**DATA FOR PROCESSING**
____

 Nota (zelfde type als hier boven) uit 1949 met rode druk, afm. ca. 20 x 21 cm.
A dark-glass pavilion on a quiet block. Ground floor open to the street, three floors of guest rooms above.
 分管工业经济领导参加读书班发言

____

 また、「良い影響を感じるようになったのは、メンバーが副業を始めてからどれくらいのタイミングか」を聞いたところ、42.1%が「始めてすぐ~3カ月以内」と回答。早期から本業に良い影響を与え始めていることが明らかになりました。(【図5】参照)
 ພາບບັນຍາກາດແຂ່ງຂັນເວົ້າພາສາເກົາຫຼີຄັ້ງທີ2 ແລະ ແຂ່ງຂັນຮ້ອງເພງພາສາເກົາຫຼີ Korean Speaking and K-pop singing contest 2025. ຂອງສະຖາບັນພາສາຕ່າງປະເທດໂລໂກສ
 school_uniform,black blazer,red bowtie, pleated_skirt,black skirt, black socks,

____

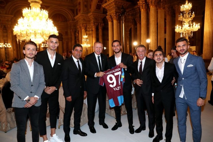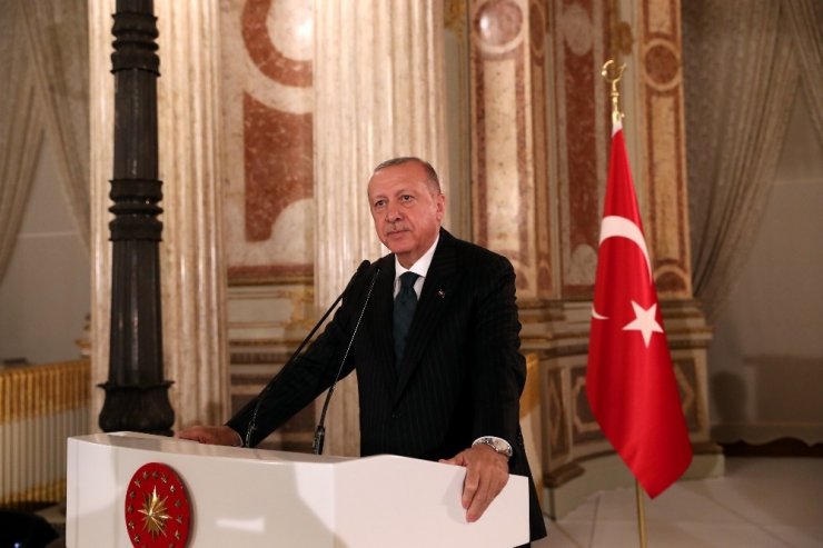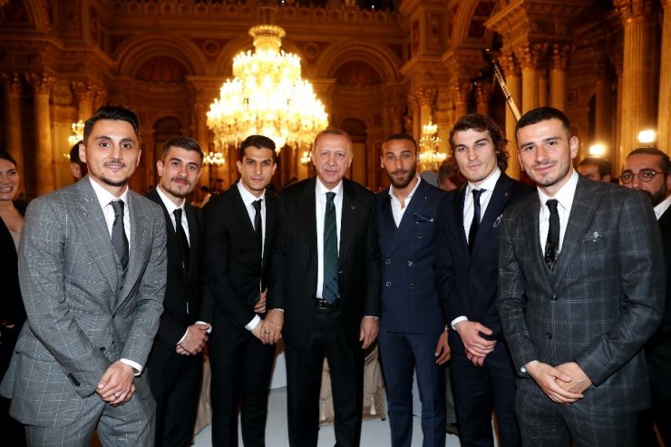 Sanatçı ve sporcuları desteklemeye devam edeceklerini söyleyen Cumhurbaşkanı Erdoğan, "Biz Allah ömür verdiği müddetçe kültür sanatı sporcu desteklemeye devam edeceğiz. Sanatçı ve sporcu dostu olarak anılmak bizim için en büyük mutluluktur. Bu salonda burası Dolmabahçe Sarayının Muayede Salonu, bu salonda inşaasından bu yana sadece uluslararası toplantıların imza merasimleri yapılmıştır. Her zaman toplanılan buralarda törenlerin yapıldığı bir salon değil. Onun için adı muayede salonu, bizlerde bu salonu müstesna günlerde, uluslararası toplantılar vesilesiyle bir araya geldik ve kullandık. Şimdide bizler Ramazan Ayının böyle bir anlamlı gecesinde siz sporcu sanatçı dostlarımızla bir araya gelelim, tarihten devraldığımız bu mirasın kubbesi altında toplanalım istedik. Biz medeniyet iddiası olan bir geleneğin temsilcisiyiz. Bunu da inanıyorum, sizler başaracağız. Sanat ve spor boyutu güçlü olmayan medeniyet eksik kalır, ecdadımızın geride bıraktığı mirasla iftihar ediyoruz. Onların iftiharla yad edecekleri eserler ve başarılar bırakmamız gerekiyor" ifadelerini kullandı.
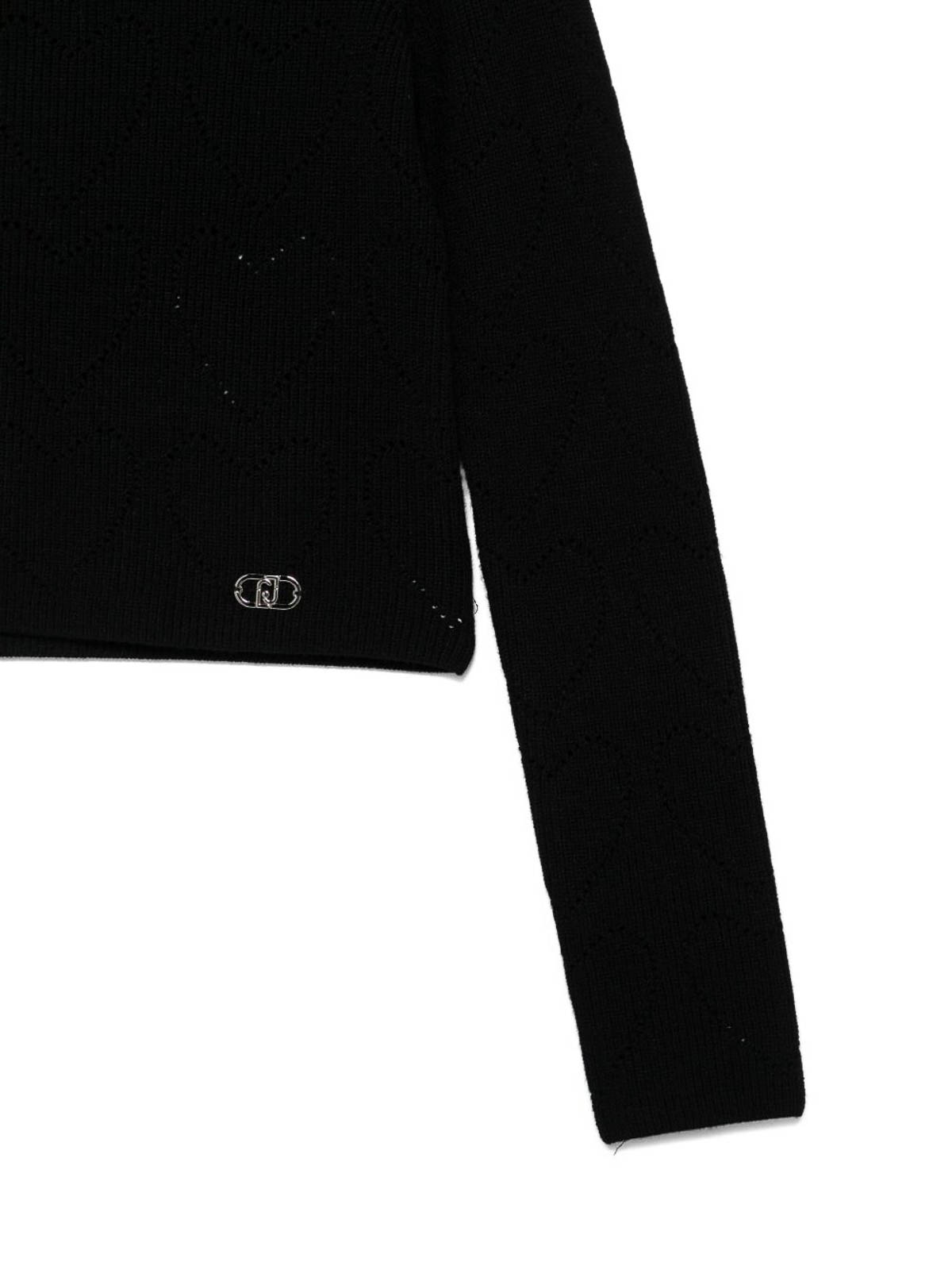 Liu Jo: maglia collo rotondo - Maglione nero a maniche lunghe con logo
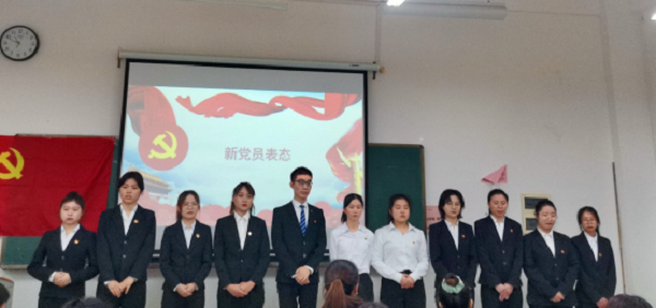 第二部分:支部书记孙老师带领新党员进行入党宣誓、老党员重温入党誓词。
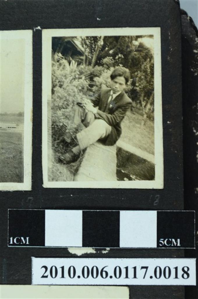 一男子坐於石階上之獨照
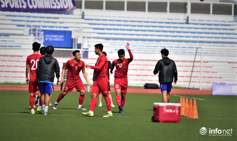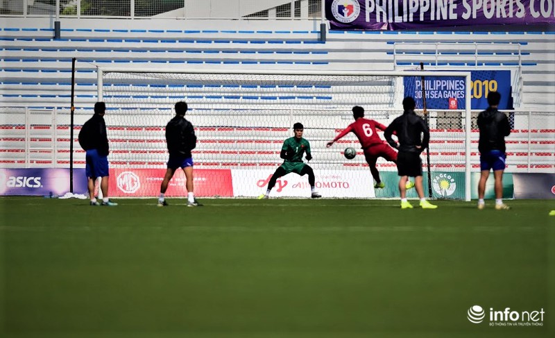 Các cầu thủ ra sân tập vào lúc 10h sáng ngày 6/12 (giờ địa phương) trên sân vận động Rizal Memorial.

____

**TASK TO COMPLETE**
Copy the lines above exactly. Start with the line containing "contest 2025. ຂອງສະຖາບັນພາສາຕ່າງປະເທດໂລໂກສ", end with the line containing "school_uniform,black blazer,red bowtie, pleated_skirt,black", and include both.

**ANSWER SPACE**
 ພາບບັນຍາກາດແຂ່ງຂັນເວົ້າພາສາເກົາຫຼີຄັ້ງທີ2 ແລະ ແຂ່ງຂັນຮ້ອງເພງພາສາເກົາຫຼີ Korean Speaking and K-pop singing contest 2025. ຂອງສະຖາບັນພາສາຕ່າງປະເທດໂລໂກສ
 school_uniform,black blazer,red bowtie, pleated_skirt,black skirt, black socks,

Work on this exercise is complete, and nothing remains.